**Problem to solve:** Starting with the line that contains "林寶棟名老中醫(yī)的學(xué)術(shù)論文《癌", reproduce each line through the end of the listing below, with no other output.

**Information shown:**
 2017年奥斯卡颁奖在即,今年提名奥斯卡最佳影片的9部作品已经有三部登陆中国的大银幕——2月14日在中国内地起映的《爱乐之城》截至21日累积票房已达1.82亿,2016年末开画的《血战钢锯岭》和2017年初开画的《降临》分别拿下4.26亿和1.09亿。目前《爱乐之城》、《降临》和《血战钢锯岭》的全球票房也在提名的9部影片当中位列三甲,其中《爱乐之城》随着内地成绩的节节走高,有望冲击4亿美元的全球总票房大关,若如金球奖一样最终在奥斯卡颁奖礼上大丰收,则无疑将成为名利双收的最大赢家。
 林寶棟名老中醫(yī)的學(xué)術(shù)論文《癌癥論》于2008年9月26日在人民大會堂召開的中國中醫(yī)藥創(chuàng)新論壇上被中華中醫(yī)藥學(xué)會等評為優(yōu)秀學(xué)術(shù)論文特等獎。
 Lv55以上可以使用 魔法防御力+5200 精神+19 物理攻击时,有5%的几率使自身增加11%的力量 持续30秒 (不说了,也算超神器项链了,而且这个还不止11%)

**Result of this exercise:**
 林寶棟名老中醫(yī)的學(xué)術(shù)論文《癌癥論》于2008年9月26日在人民大會堂召開的中國中醫(yī)藥創(chuàng)新論壇上被中華中醫(yī)藥學(xué)會等評為優(yōu)秀學(xué)術(shù)論文特等獎。
 Lv55以上可以使用 魔法防御力+5200 精神+19 物理攻击时,有5%的几率使自身增加11%的力量 持续30秒 (不说了,也算超神器项链了,而且这个还不止11%)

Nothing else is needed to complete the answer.